◆ ACTIVITY: From the first line of the listing to the last, set down everything exactly, but skip the images.
RECORD SET: Begin
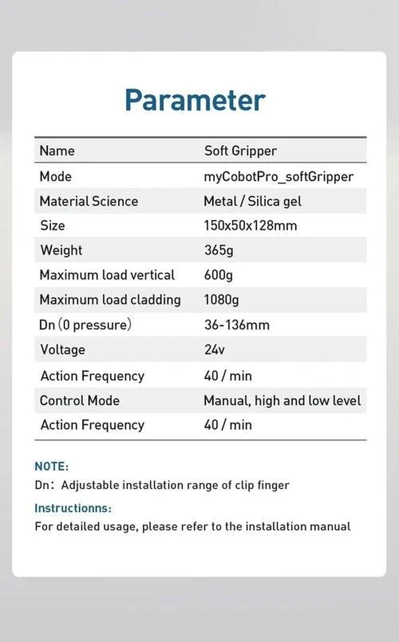 - 1 × MyCobot Pro Soft Gripper
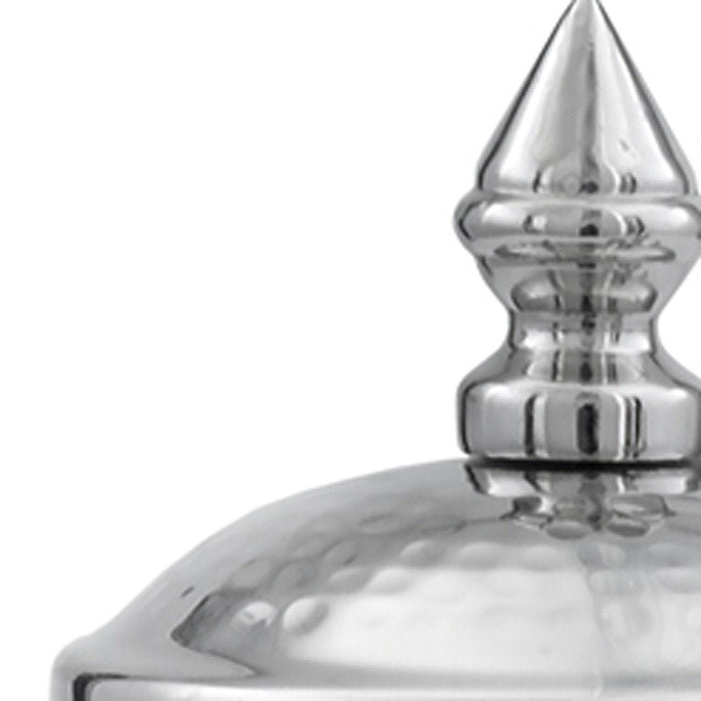 This set of two silver aluminum tweed decorative canisters will add a beautiful decorative accent to your decor. It's a perfect addition for those who love an up-to-the-minute look and feel. Hand finished with meticulous care, these canisters showcase unique craftsmanship that enhances any room. Made from durable aluminum, their stunning design features a distressed tweed mesh textural pattern around the base and smooth hammered finish on the lids. Each canister is then finished off with a finial to give it the perfect touch. This set not only serves as functional storage but also as a striking focal point in your home, blending modern elegance with artistic flair. 11-inch h x 4.5-inch w x 4.5-inch d.
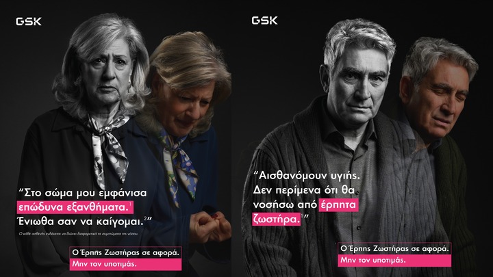 Η εκστρατεία ενημέρωσης και ευαισθητοποίησης της GSK Ελλάδος για τον έρπητα ζωστήρα απευθύνεται στο σύνολο του πληθυσμού και ειδικότερα στα άτομα άνω των 60 ετών και σε ανοσοκατεσταλμένους άνω των 18 ετών, σε όλη την Ελλάδα, μέσω μιας σειράς στοχευμένων ενεργειών. Το κεντρικό μήνυμα της εκστρατείας προβάλλεται μέσα από ένα τηλεοπτικό σποτ, το οποίο αναδεικνύει τα συμπτώματα της νόσου και μεταφέρει την προσωπική εμπειρία ατόμων που έχουν νοσήσει, μέσα από σχετικές μαρτυρίες και αναφορές.
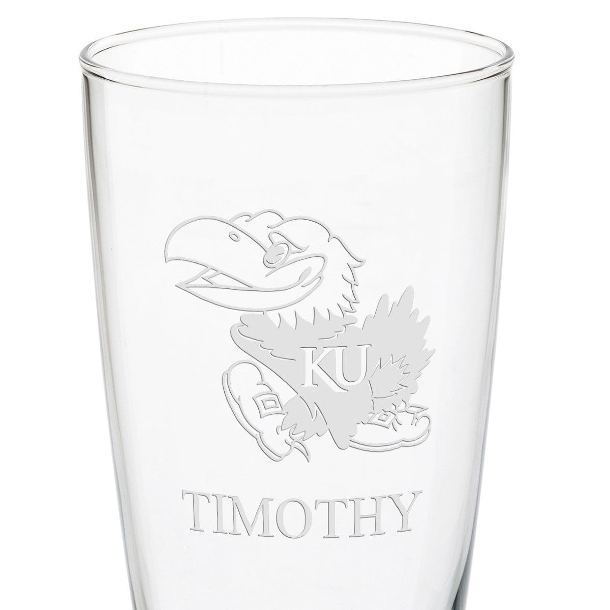 Fans can raise a glass to Kansas with these glasses. The Kansas logo is deep-etched, and your name can be added under the logo for free.
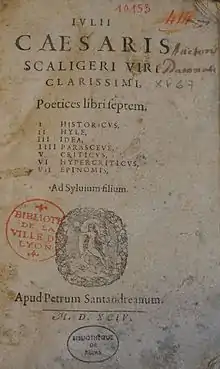 - Poetices libri VII, Lyon, 1561, ouvrage plein d'érudition, où il traite de l'origine et du but de la poésie et passe en revue les poètes les plus célèbres. Les titres des livres sont les suivants : I HISTORICVS - II HYLE - III IDEA - IIII PARASCEVE - V CRITICVS - VI HYPERCRITICVS - VII EPINOMIS;
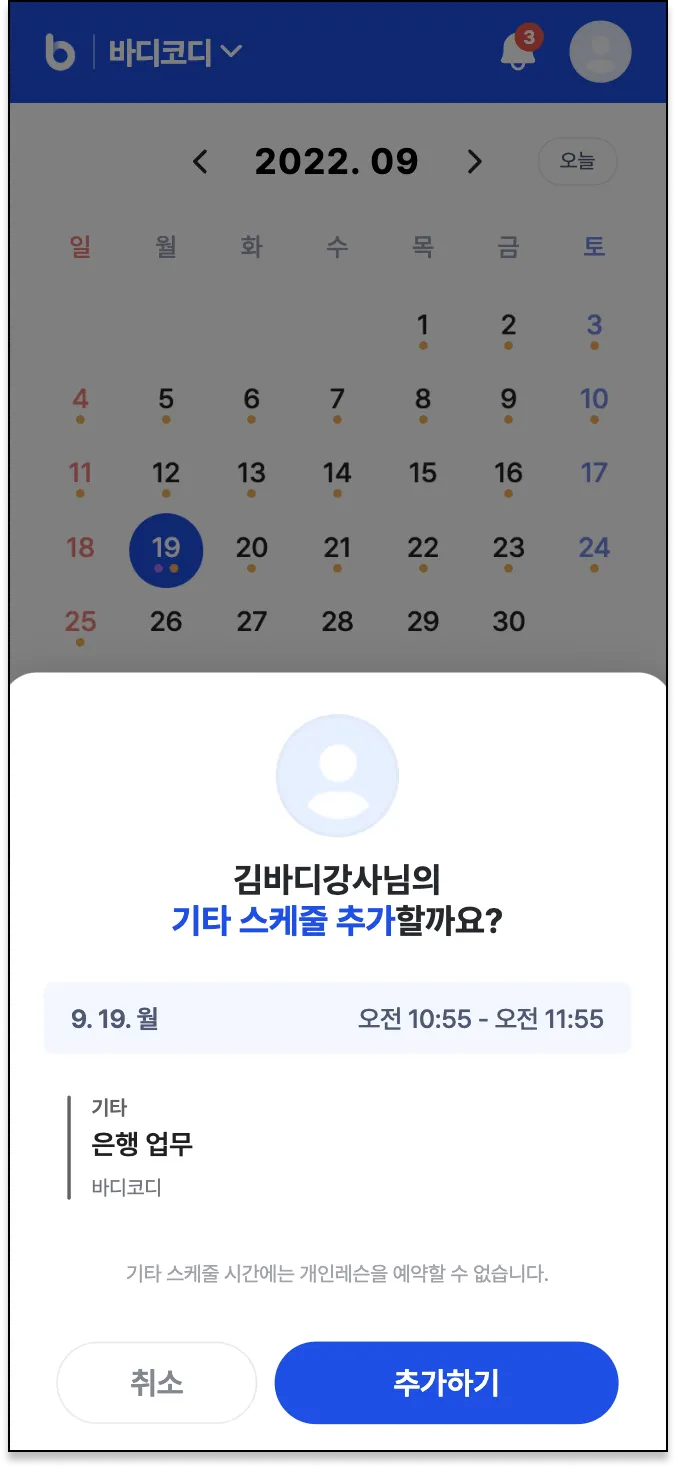 예약하려는 시간에 스케줄이 있다면, 예약할 수 없습니다.
RECORD SET: End
◆ EXERCISE SOLUTION:
 - 1 × MyCobot Pro Soft Gripper
 This set of two silver aluminum tweed decorative canisters will add a beautiful decorative accent to your decor. It's a perfect addition for those who love an up-to-the-minute look and feel. Hand finished with meticulous care, these canisters showcase unique craftsmanship that enhances any room. Made from durable aluminum, their stunning design features a distressed tweed mesh textural pattern around the base and smooth hammered finish on the lids. Each canister is then finished off with a finial to give it the perfect touch. This set not only serves as functional storage but also as a striking focal point in your home, blending modern elegance with artistic flair. 11-inch h x 4.5-inch w x 4.5-inch d.
 Η εκστρατεία ενημέρωσης και ευαισθητοποίησης της GSK Ελλάδος για τον έρπητα ζωστήρα απευθύνεται στο σύνολο του πληθυσμού και ειδικότερα στα άτομα άνω των 60 ετών και σε ανοσοκατεσταλμένους άνω των 18 ετών, σε όλη την Ελλάδα, μέσω μιας σειράς στοχευμένων ενεργειών. Το κεντρικό μήνυμα της εκστρατείας προβάλλεται μέσα από ένα τηλεοπτικό σποτ, το οποίο αναδεικνύει τα συμπτώματα της νόσου και μεταφέρει την προσωπική εμπειρία ατόμων που έχουν νοσήσει, μέσα από σχετικές μαρτυρίες και αναφορές.
 Fans can raise a glass to Kansas with these glasses. The Kansas logo is deep-etched, and your name can be added under the logo for free.
 - Poetices libri VII, Lyon, 1561, ouvrage plein d'érudition, où il traite de l'origine et du but de la poésie et passe en revue les poètes les plus célèbres. Les titres des livres sont les suivants : I HISTORICVS - II HYLE - III IDEA - IIII PARASCEVE - V CRITICVS - VI HYPERCRITICVS - VII EPINOMIS;
 예약하려는 시간에 스케줄이 있다면, 예약할 수 없습니다.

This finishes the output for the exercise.